When fintech meets cloud native, how does ant financial do security architecture?
He zhengyu, founder of gVisor, is a researcher at ant financial

Under the cloud native development trend, the security problem is a very big obstacle for the financial industry to apply cloud native technology, and the cloud native community pays far less attention to the security problem. When ant financial is on the ground, solving security problems is the top priority. After exploration and practice, we have developed a set of full-link financial level cloud native security architecture from the underlying hardware to the software and from the system to the application layer.

Trust is the most important thing in the financial industry, and we think,The trust that security brings is an intangible product that underpins all financial business

In line with the development of the Internet era, many changes have taken place in the financial industry and institutions, including more access channels such as apps and small programs, faster business changes and more third-party suppliers. However, no matter how things change, one thing remains the same in the financial industry: Zero Fault, or Zero tolerance for errors, which means extremely high requirements for stability and security.

I also want to clear up a misconception about the financial industry, which is that people say that financial institutions have a lot of legacy systems, a lot of technology is more than a decade old, and they think that financial institutions are technologically backward. But in fact, the financial industry has been very high-tech. There was a movie that came out a while ago called “the hummingbird project,” which was based on a real story about a group of high-frequency traders who, in order to reduce the time it takes to get from Kansas city to the New York stock exchange, built a fiber optic line thousands of miles from Kansas city to the New York stock exchange, and tried their best to get that last millisecond. Therefore, the financial industry not only has mediocre and conservative technology, but also pursues the most cutting-edge and advanced technology. Our mission is to further arm the financial industry with technology and inject more vitality into the financial technology.

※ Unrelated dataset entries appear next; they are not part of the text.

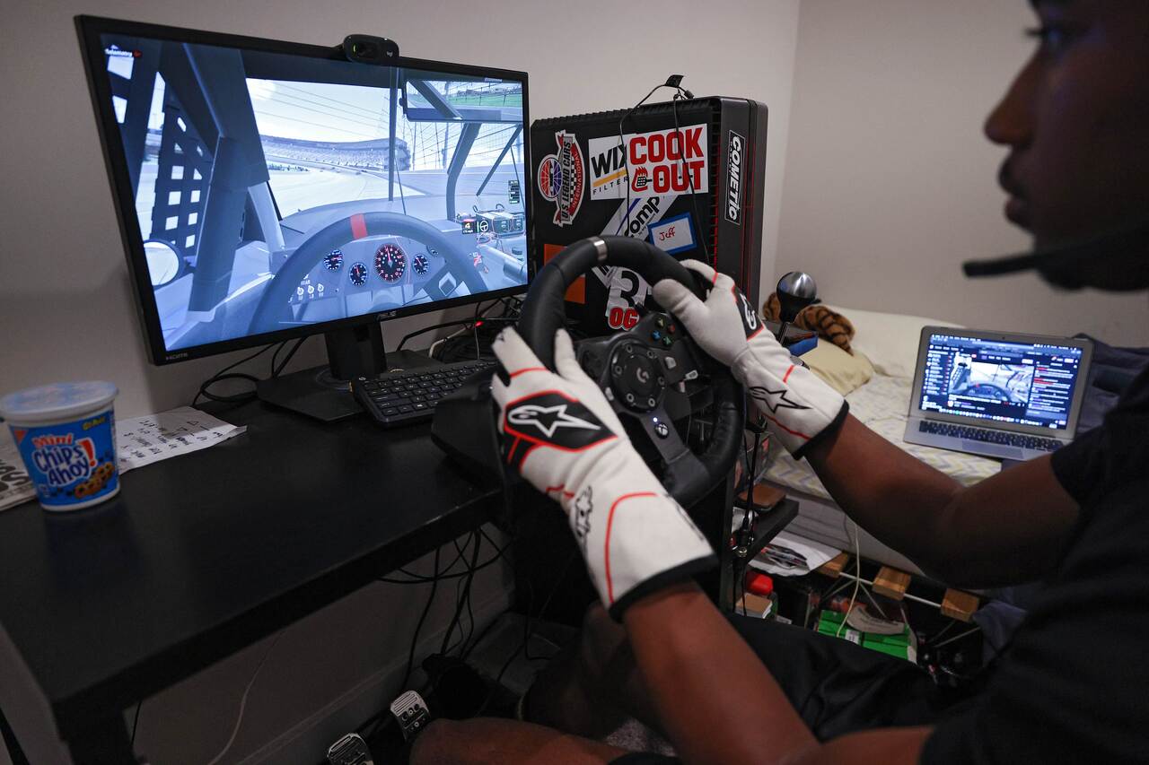 Rajah Caruth competes in the eTruck Series Night in America Powered by FilterTime, a live-online Nascar Truck Series race on the iRacing platform, from his bedroom of his parent's home in Washington, DC, on March 19, 2020.
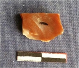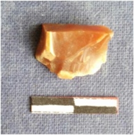 | Description / विवरण | The chalcedony flake has ripples scars and a prominent bulb of percussion with sharp flaked edges. |
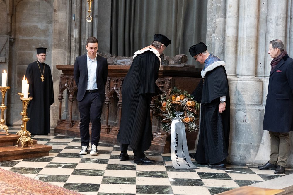 Der „Dies Academicus“ beginnt am Vormittag mit der vom Universitätsbund „Alma mater Rudolphina“ begründeten Tradition der Kranzniederlegung am leeren Kenotaph Rudolfs des Stifters im Stephansdom. Nach dem feierlichen Einzug und der Kranzniederlegung halten ein Vertreter des Domkapitels und der Rektor kurze Ansprachen. Anschließend zieht man gemeinsam vom Seitenschiff des Domes in die Krypta zum Grab Rudolfs des Stifters, wo die Feier nach einem kurzen Gebet endet.
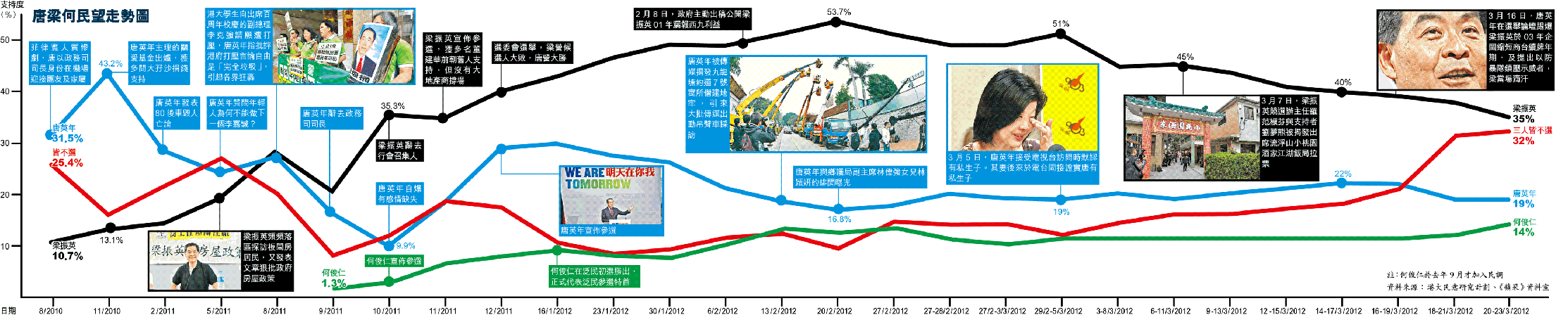 雖然唐英年在選前10天的特首論壇,不惜破壞行政會議保密守則,揭露梁振英於03年企圖以縮短續牌年期打壓商台,及在50萬人參加7.1大遊行後建議出動防暴隊鎮壓示威,為自己贏得不少掌聲,但始終無法挽回民望劣勢。

Cloud native architecture represents a kind of new productivity, the financial industry is certainly need cloud native, it brings in cost savings and the ability of agile development, but also need to add a attributive in front of it, is the security of cloud native architecture, it contains not only before the security scheme of relatively simple, but a credible from end to end link security solutions. Including clear code ownership, credible start, mirror production and release closed, with the account system, clear application ownership and access rights; And a refined isolation scheme for security that can be deployed independently, integrating security policies and enforcement into the infrastructure and being transparent to software development and testing.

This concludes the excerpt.